Connor v. Tippett

57 Miss. 594 | Miss. | 1880

Chalmers, J.,

delivered the opinion of the court.

W. S. Connor owned and occupied, under a bond for title, a tract of land in Noxubee county, known as the Walker tract. W. M. Connor owned and occupied, in the same way, a tract known as the Tippett place. They agreed to exchange lands, and each surrendered to the other possession of the respective tracts, and transferred by delivery the respective title-bonds. No written assignment was made as to either. The full amount due on the Tippett place to the original vendor having been paid, this bill is filed by the widow of W. S. Connor against A. W. Tippett and W. M. Connor to compel the execution and delivery of a deed. W. M. Connor demurs on the ground that his interest in the land, under the title-bond, did not pass by the bare delivery of that instrument, without a written assignment, and that to force him now to make a conveyance would be a violation of the Statute of Frauds.

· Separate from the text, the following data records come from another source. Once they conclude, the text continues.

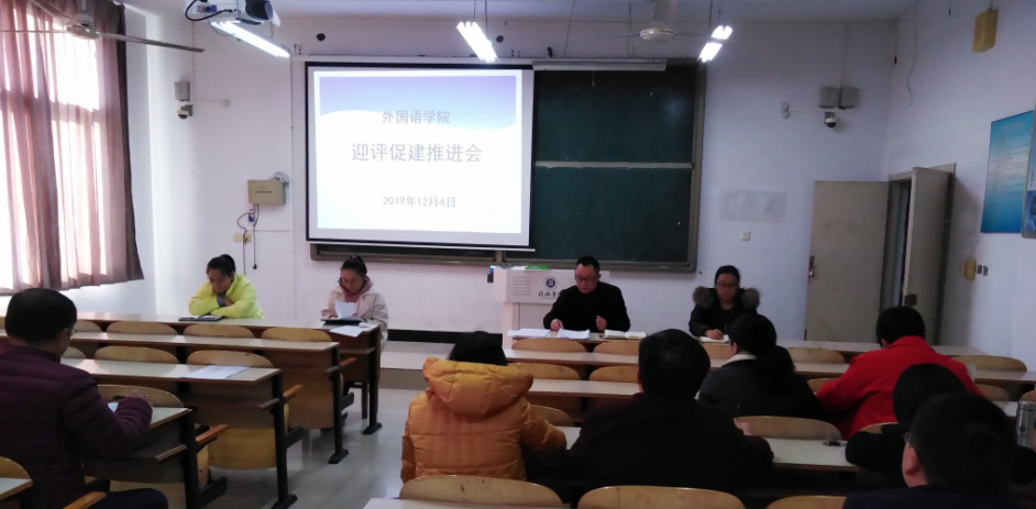 为全面提高教学水平和人才培养质量,进一步推进学院内涵发展,确保本科教学评估工作顺利通过,12月4号下午,外国语学院在外语楼302教室召开召开迎评促进推进会。院长罗德喜,学工干事刘阳红,教学干事柳衡,行政干事梁书荣和全体教师参加了本次会议。会议由梁书荣主持。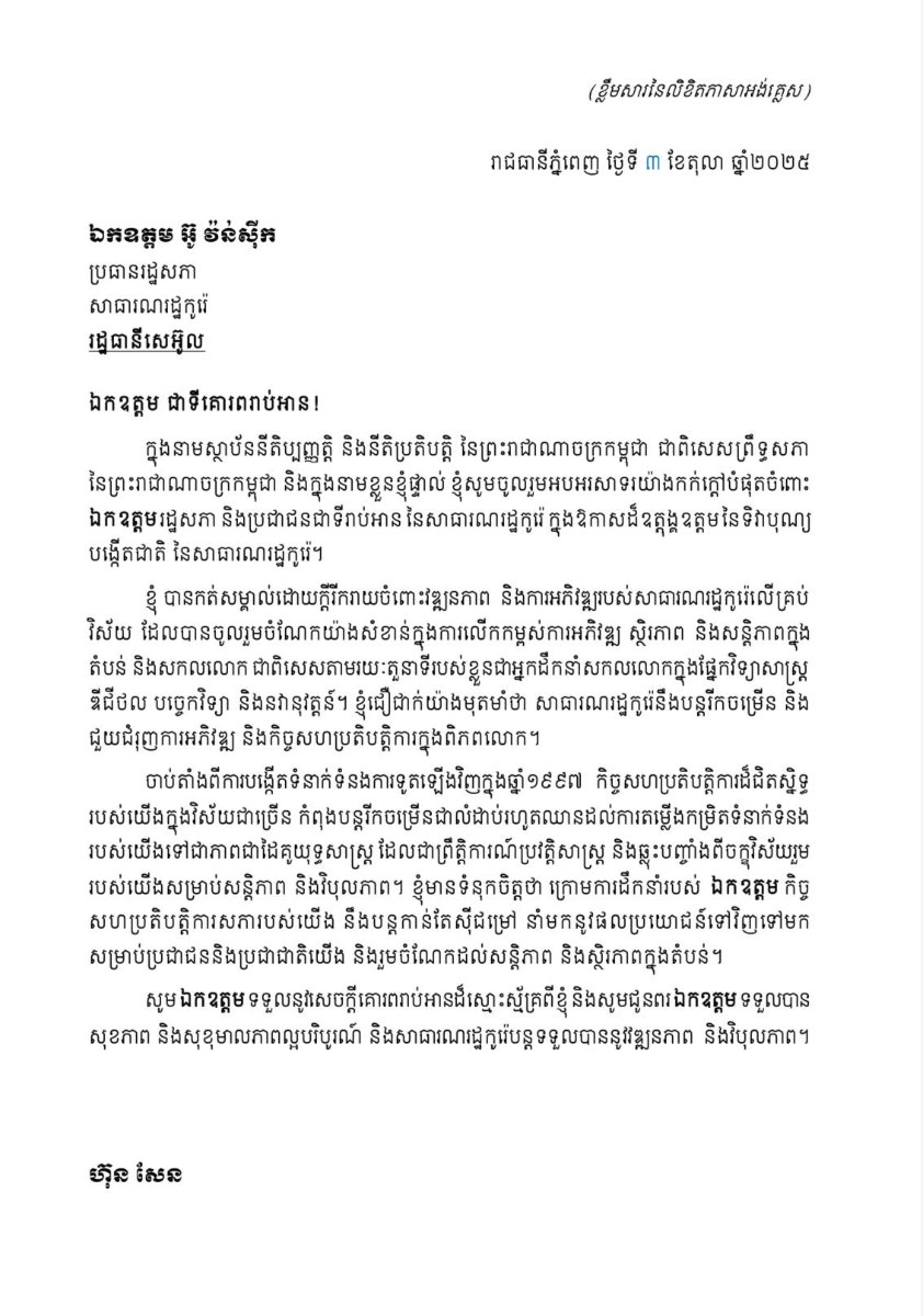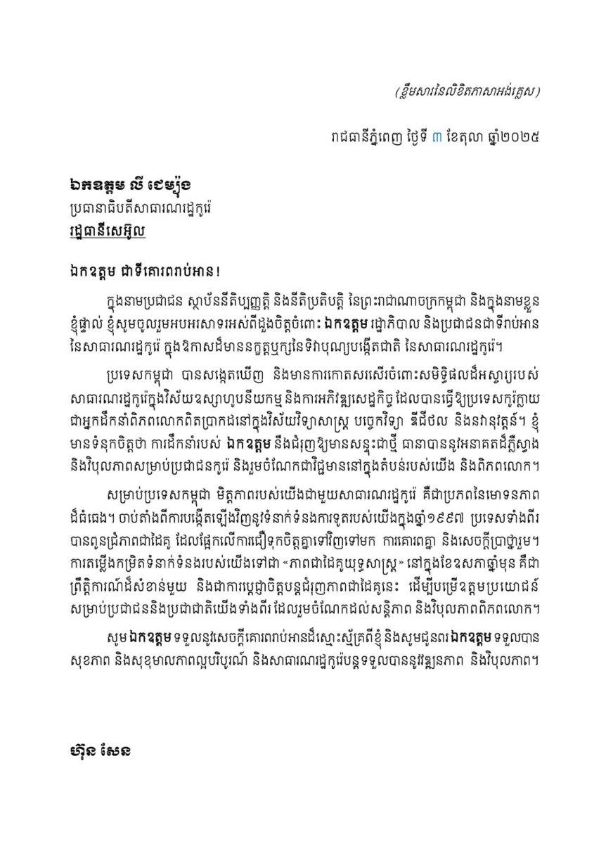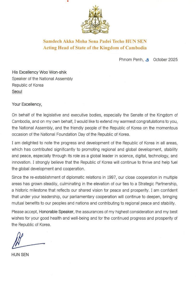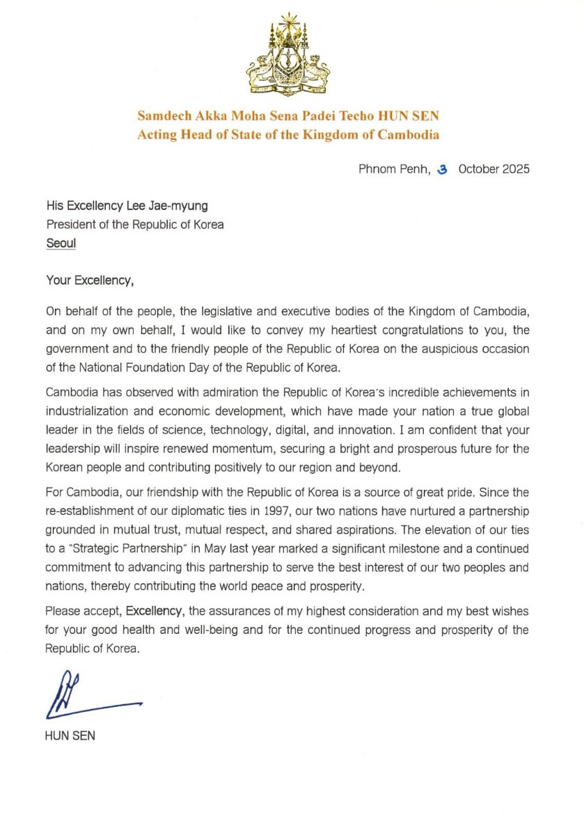 តាមរយៈសារលិខិតផ្ញើជូនដល់ឯកឧត្តម លី ជេម្យ៉ុង ប្រធានាធិបតីកូរ៉េ កាលពីថ្ងៃទី៣ ខែតុលា ឆ្នាំ ២០២៥ម្សិលមិញនេះ ក្នុងឱកាសទិវាបុណ្យបង្កើតជាតិ នៃសាធារណរដ្ឋកូរ៉េ សម្តេចតេជោ ហ៊ុន សែន បាន លើកឡើងថា ក្នុងនាមប្រជាជន ស្ថាប័ននីតិប្បញ្ញត្តិ និងនីតិប្រតិបត្តិ នៃព្រះរាជាណាចក្រកម្ពុជា និងក្នុងនាមសម្តេចផ្ទាល់ សម្តេចសូមចូលរួមអបអរសាទរអស់ពីដួងចិត្តចំពោះឯកឧត្តម ប្រធានាធិបតី រដ្ឋាភិបាល និងប្រជាជនជាទីរាប់អាននៃសាធារណរដ្ឋកូរ៉េ ក្នុងឱកាសដ៏មាននក្ខត្តឬក្សនៃទិវាបុណ្យបង្កើតជាតិ នៃសាធារណរដ្ឋកូរ៉េ។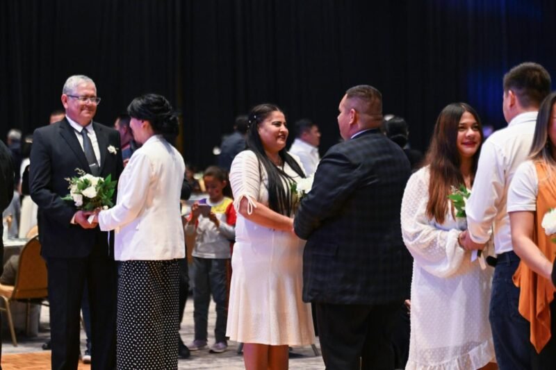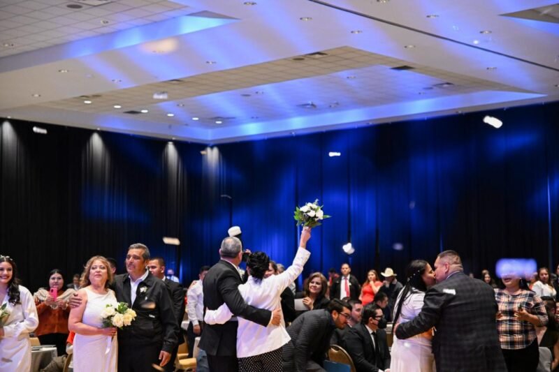 Chihuahua, Chih.- La gobernadora Maru Campos presidió la ceremonia en la que 150 parejas se dieron el Sí, con lo que formalizaron legalmente su unión, en el marco del programa Bodas Colectivas 2023.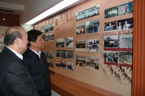 在校史展览馆,徐乘、廖义伟仔细观看了我院80年的发展历史。校史展览馆丰富的图片、翔实的内容,全面反映了我院的历史变迁,浓缩了学院80年的厚重历史。在那些反映学院沧桑巨变的老照片和珍贵史料的展台前,徐主任、廖主任驻足良久,认真聆听解说员的讲解。当看到自己当年参加学校文艺演出时的照片,徐乘高兴地跟工作人员表示,希望能够保留一份复印件。看到学院近年来在职业教育领域所取得的巨大发展成就,徐乘、廖义伟连连点头,祝愿母校明天更加辉煌。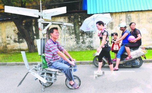 新发明一登场,即引来不少群众围观,大家好奇的观赏着这辆据称既可飞又可游的自行车。记者看到,所谓的“海陆空自行车”,其实就是一辆小电动车改装后在车身焊接了一个框架,外加三个螺旋桨而成。其中一只螺旋桨在头顶上,由数片电风扇叶组成,连接上一个马达。据介绍,这只螺旋桨主要担当飞翔的重任。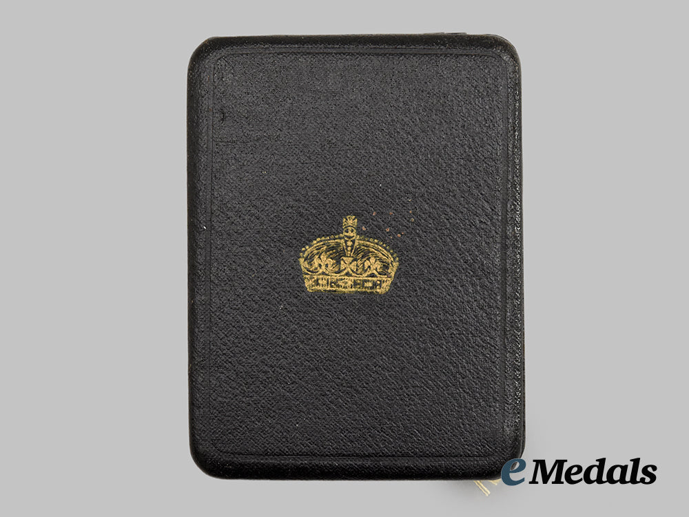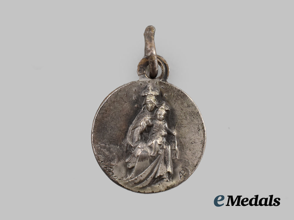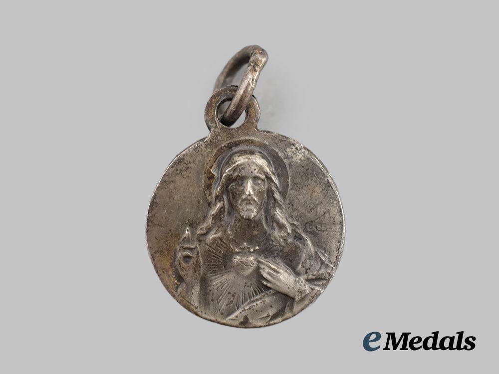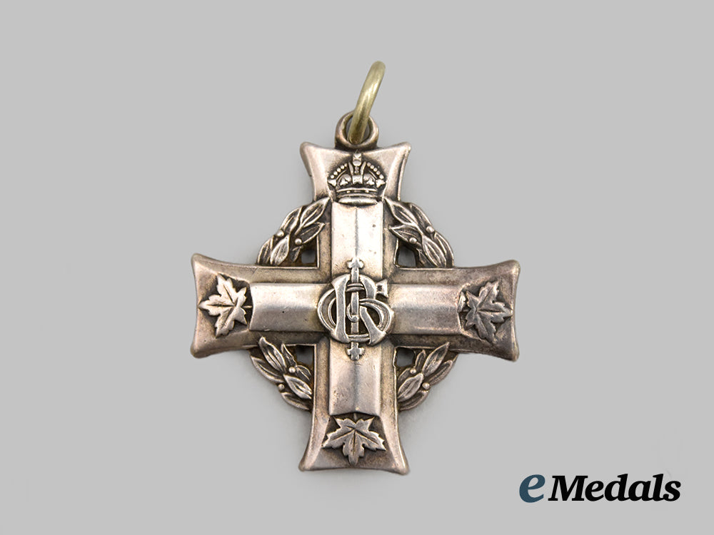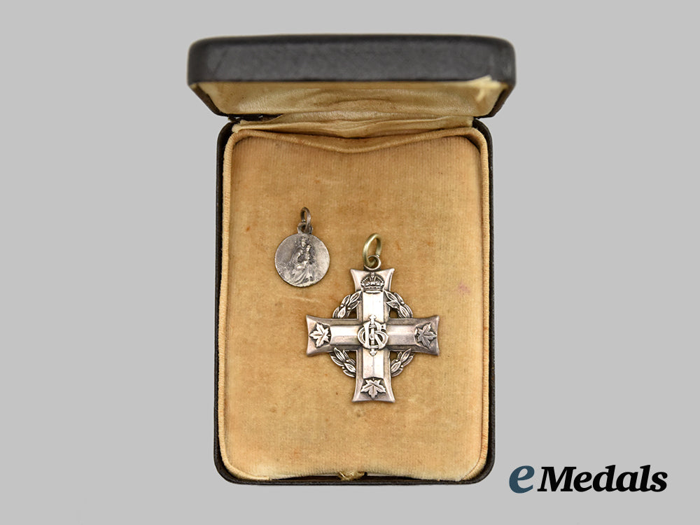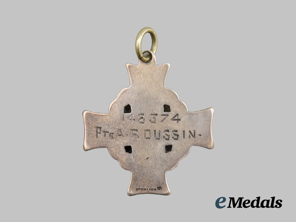 2. A Memorial Cross, constructed of silver, consisting of a Greek Cross with its arms joined through the quadrants by a circular laurel leaf wreath, the obverse overlaid by an additional cross completing at the three, six, and nine o’clock arms in maple leaves and at the twelve o’clock arm in a royal crown, bearing a central royal monogram, topped by an integral loop and suspension ring, the reverse bearing engraved inscriptions of “148374” and “PTE. A. ROUSSIN”, also marked “STERLING”, measuring 31.50 mm (w) x 34.87 mm (h), weighing 12.8 grams, accompanied by its original presentation case, constructed of a wooden frame with a faux black leather exterior liner, the lid bearing a gilt royal crown, the interior with a white satin lid liner and intact hinge cover, with a plain white velvet medal bed, unmarked, measuring 65 mm (w) x 85 mm (l) x 20 mm (h), also accommodating a small Catholic devotional medal, constructed of silver, one side depicting a raised image of the Sacred Heart of Jesus, the reverse depicting the Madonna and Christ Child, unmarked, measuring 12.95 mm in diameter, the Memorial Cross demonstrating some surface scratching and is missing its ribbon, the interior of the presentation case demonstrates moderate soiling and material fatigue to both the lid liner and medal bed, and the Catholic medal is missing its suspension device, in overall near extremely fine condition.
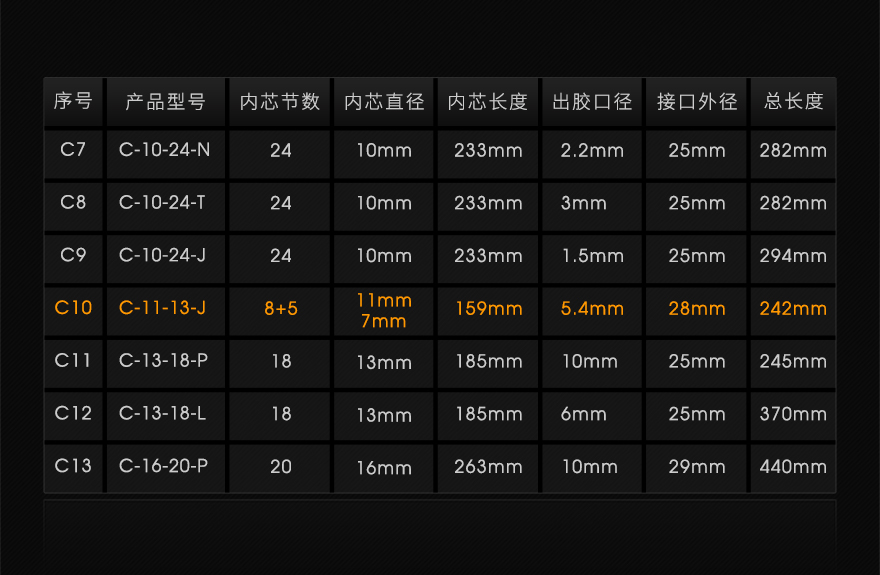 耐上炯双组份C系列11-13锥形口混合管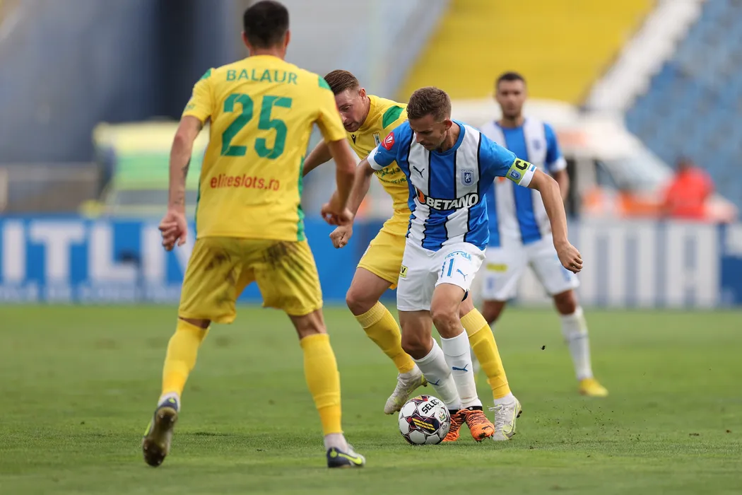 Liviu Ion Antal si Nicusor Silviu Bancu in meciul de fotbal dintre Universitatea Craiova si CS Mioveni, contand pentru Superliga Superbet, desfasurat pe Stadionul Municipal din Drobeta Turnu Severin, duminica 14 august 2022. © FOTO:Sebastian Tataru/SPORT PICTURES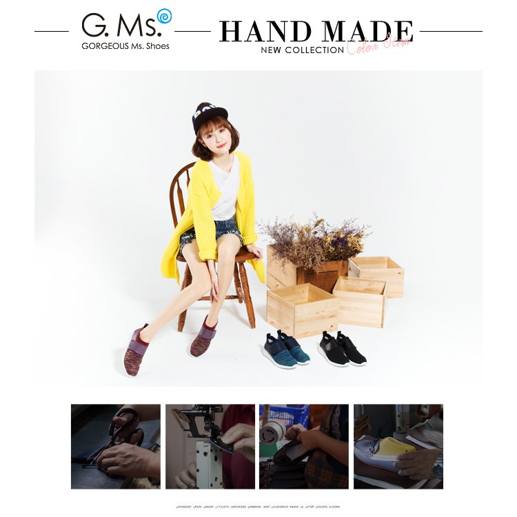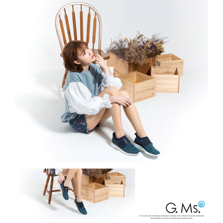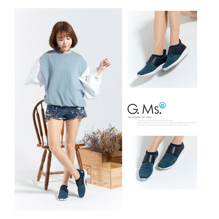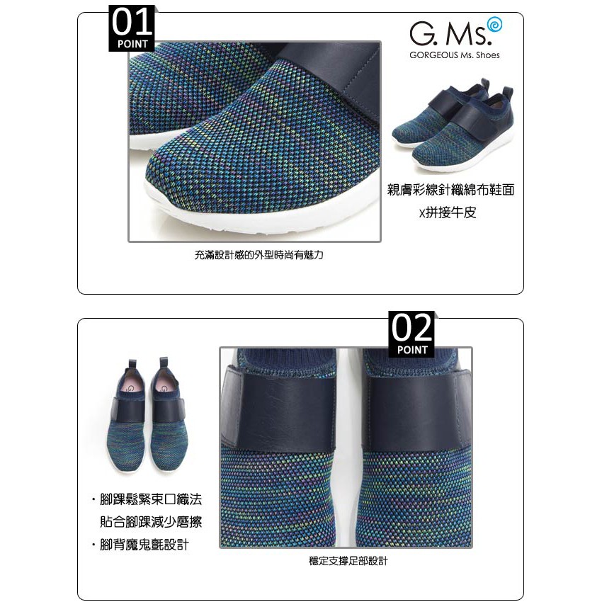 G.Ms. MIT極輕量-針織拼接牛皮記憶鞋墊休閒鞋-藍色

*596The demurrer was properly sustained. An equity in lands is as much within the Statute of Frauds as the legal title, and it is no more competent to convey the one by parol than the other. So also a verbal contract to buy a contract for lands, or, in other words, to buy another man’s rights, under an executory contract for the sale of lands to him, is within the statute and void. Browne on the Statute of Frauds, § 229; Smith v. Burnham, 3 Sumner, 435; Simms v. Killian, 12 Ired. 252 ; Rice v. Carter, 11 Ired. 298; Richards v. Richards, 9 Gray, 313. Whether, under the principle laid down in Shivers v. Simmons, 54 Miss. 520, the complainant would have the right to enjoin W. M. Connor, or those claiming under him, from asserting title to the Tippett place, upon the ground that he has aliened the Walker place, and thereby rendered a restoration of the status quo impossible, can only be determined when there has been such assertion, and upon a bill filed to enjoin it. Decree affirmed.